「壊して、しまいました。…申し訳ございません。」
そして極上笑顔のまま俺の目の前まで来た男は。俺の右手を引っ掴むと、その手の上にパラリパラリと木材の破片を降り注ぎ始めた。
…………その、木片たちの正体は…………
「っ!!!!????」
その正体に気付いた瞬間に、俺は息と共に心臓の動きさえも止めるほどに動揺してしまった。

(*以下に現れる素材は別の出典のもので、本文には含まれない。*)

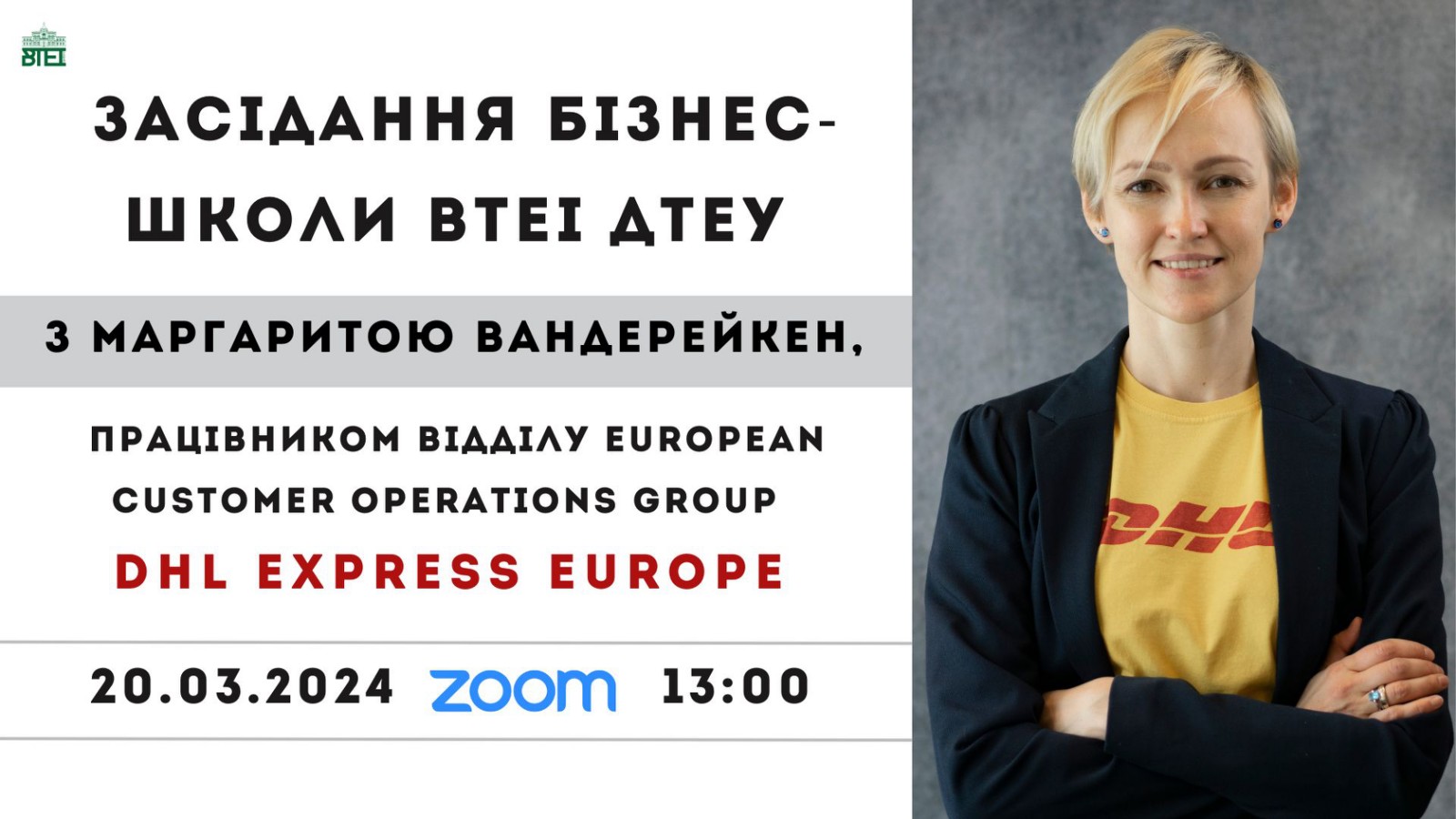 20 березня 2024 року слухачі Бізнес-школи ВТЕІ ДТЕУ брали участь в онлайн-зустрічі з Маргаритою Вандерейкен, представником відділу European Customer Operations Group DHL Express Europe. Ця зустріч стала чудовою можливістю для учасників дізнатися більше про одну з провідних логістичних компаній у світі.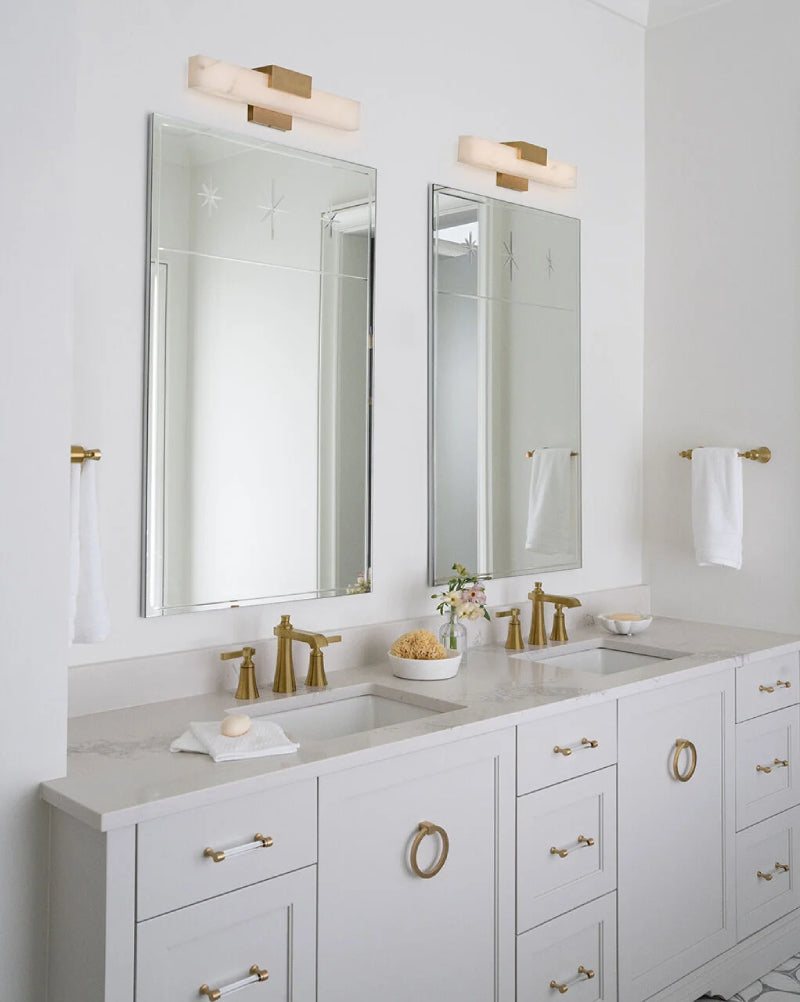 Cadiz celebrates the beauty of organic details in its large natural alabaster panels. Every element is softly illuminated by dimmable, integrated LEDs, emphasizing the stone’s unique variations in color and pattern. Modern metal features are finished in Brushed Nickel, Black Oxide, or Heritage Brass.

……俺が先ほど、嬉々として蓮に渡した木製のモノ。……
材質の桜にこだわった、俺のお気に入りの音を響かせる、木製カチンコ。
そのカチンコだったはずのものが…今、俺の右手の中で、単なる木くずと化しているのだ。
「弁償しますので。本当にすみません。」
殊勝に謝ってみせる男の手から俺の手に渡ったそのカチンコだったはずのもの。それは粉々に砕かれて、元の形なんて想像もできない。
「ちょっと力が入ってしまいまして。」
「そ、そうか……。」
何これ、どこに力点を置いたらこんな状態にしてしまえる?どうやったら素手でこんな風に木端微塵にしてしまえるんだ!?
混乱する頭は、どうでもいい事を考え始める。
多分、その脳の処理は正しい判断だ。何がどうなって、こういう事態になったのかを正確に理解しようとしたら、多分俺は今、死ぬ。そんな気がする。
「あぁ。それと、監督。ありがとうございます。」
「え?」
そんな俺の耳に、突然感謝の言葉が飛び込んでくる。
「あと一秒、カットが遅ければ……。大惨事を起こしてしまうところでした。」
「っ!!!!?????」
にっこりと笑ってとんでもないことを言った男は、怯える俺の表情を満足気に見つめた後、何気ない口調で会話を続行した。
「今日の撮影、まだ続けますか?」
「いや、もう今日は終わりだ!!」
「そうですか。最上さんを連れて帰っても?」
「問題ない!!すぐさま連れて帰れ!!」
問われたことに俺は反射的に応えていたが、現在命の危機にある俺は、全てに対して最も適した答えを返すことができていた。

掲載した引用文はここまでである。